Lack of resources add to pressure

The Nasser Hospital is “on the brink of collapse due to us running out of supplies”, Dr Ayman al-Astal, the head of the emergency department who shares the same surname as the nurse, told The New Humanitarian.

Head of the A&E of Nasser’s medical center Doctor Ayman Al-Astal stands in front of an ambulance. He is wearing medical scrubs.
Mohamed Solaimane/TNH
Dr Ayman al-Astal, head of the emergency department at Nasser Hospital.

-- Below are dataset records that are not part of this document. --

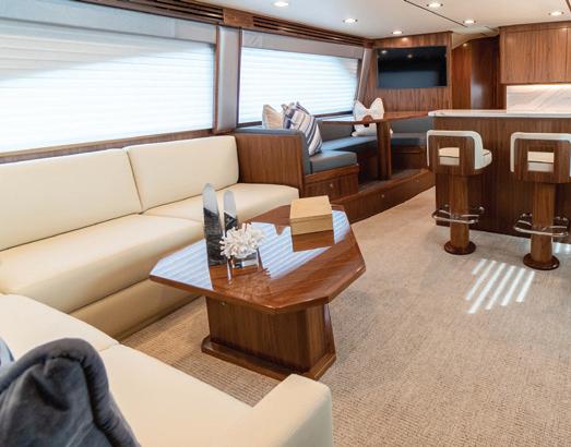 FABRICS SHOWN Head and hull liner, Sunbrella Horizon, Capriccio Cloud; wall lining, Sunbrella, Demo Putty; Lounges, Sunbrella, Level Pumice.
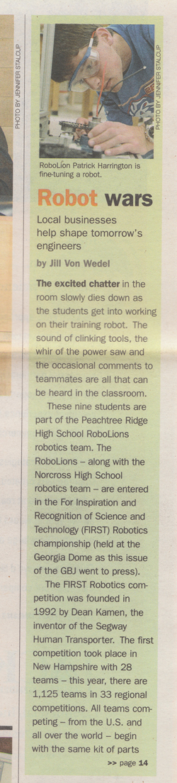 Intro on article about the Robo Lions from the Gwinnett Business Journal.
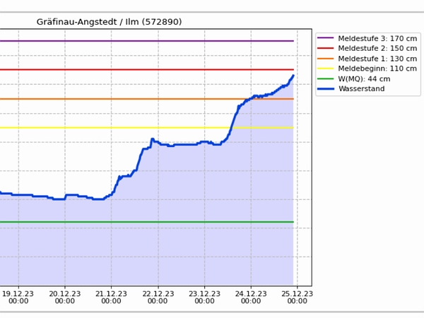 Gegen Ende des Jahres ging der Pegelstand der Ilm noch einmal sehr in die Höhe .... |
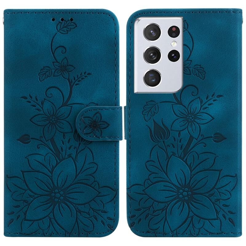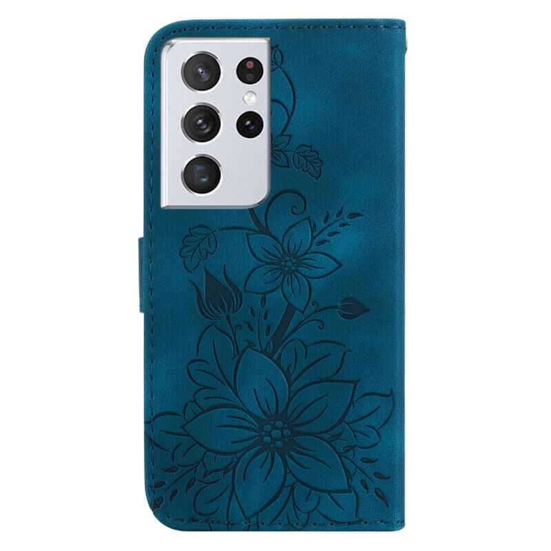 Θήκη τηλεφώνου δερμάτινη ανάγλυφη Lily για Samsung Galaxy S21 Ultra 5G (Πράσινο)
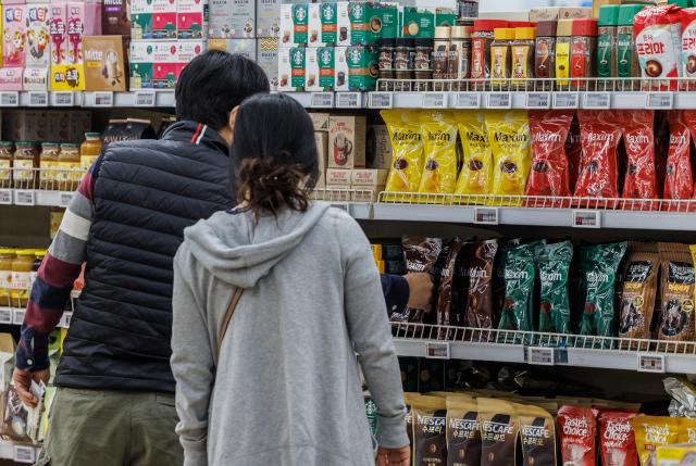 3월 물가 2.1% 상승, 가공식품 커피 8.3% 올라 (서울=연합뉴스) 황광모 기자 = 소비자물가가 석 달 연속 2%대 오름세를 나타낸 것으로 조사된 2일 서울 서초구 농협 하나로마트 양재점에서 시민들이 커피를 고르고 있다. 이번 조사에서 수산물(4.9%)은 가격이 상승해 2023년 8월(6.0%) 이후 1년7개월만에 최대 상승 폭을 기록했다. 2025.4.2 hkmpooh@yna.co.kr/2025-04-02 15:01:52/ <저작권자 ⓒ 1980-2025 ㈜연합뉴스. 무단 전재 재배포 금지, AI 학습 및 활용 금지>[<저작권자 ⓒ 1980-2025 ㈜연합뉴스. 무단 전재 재배포 금지, AI 학습 및 활용 금지>] |
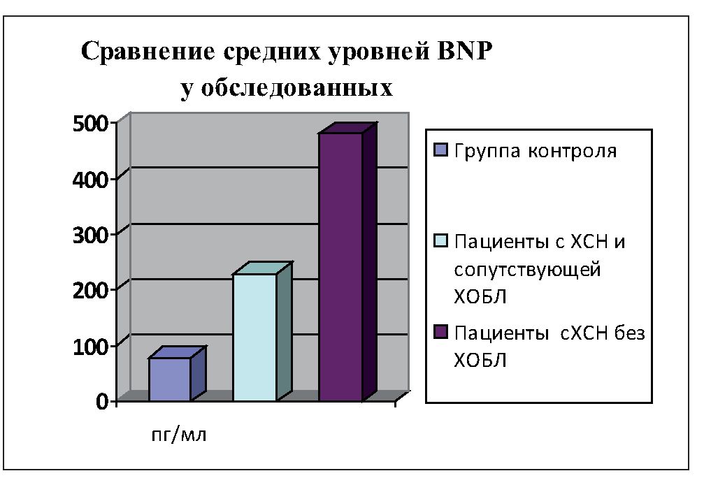 Результаты исследования показали, что уровень BNP увеличивается у больных ХСН, а степень повышения мозгового предсердного натрийуретического гормона отражает выраженность ремоделирования сердца у больных с хронической сердечной недостаточностью. Поэтому, показатель BNP может использоваться для дифференциальной диагностики одышки у пациентов ХСН и ХОБЛ.

Between 21 October, when Israel began allowing a limited amount of aid to enter Gaza through the Rafah border crossing with Egypt, and 31 October, a total of 217 trucks carrying humanitarian relief entered the enclave. Of those, at least 75 carried medical supplies, according to OCHA. There is an urgent need to restock medical supplies to address shortages, according to the OCHA situation report.

Al-Astal said surgeons at the Nasser Hospital have “had to operate on patients without applying anaesthesia or [give them] conservative treatment because of our inability to surgically intervene because of limited supplies”.

Admitting that his team is showing symptoms of depression, burnout, anxiety, and trauma, al-Astal said the supply shortages add an additional burden on healthcare workers.

“It’s painful to receive the severity of the conditions the wounded come in, but it's much more painful to stand with tied hands, unable to help,” he said.

Asked if the staff fear for their lives as hospitals are increasingly affected by Israeli strikes, al-Astal said: “We’re not leaving. We are martyrs in the making.”

This feature is produced in collaboration with Egab. Edited by Eric Reidy.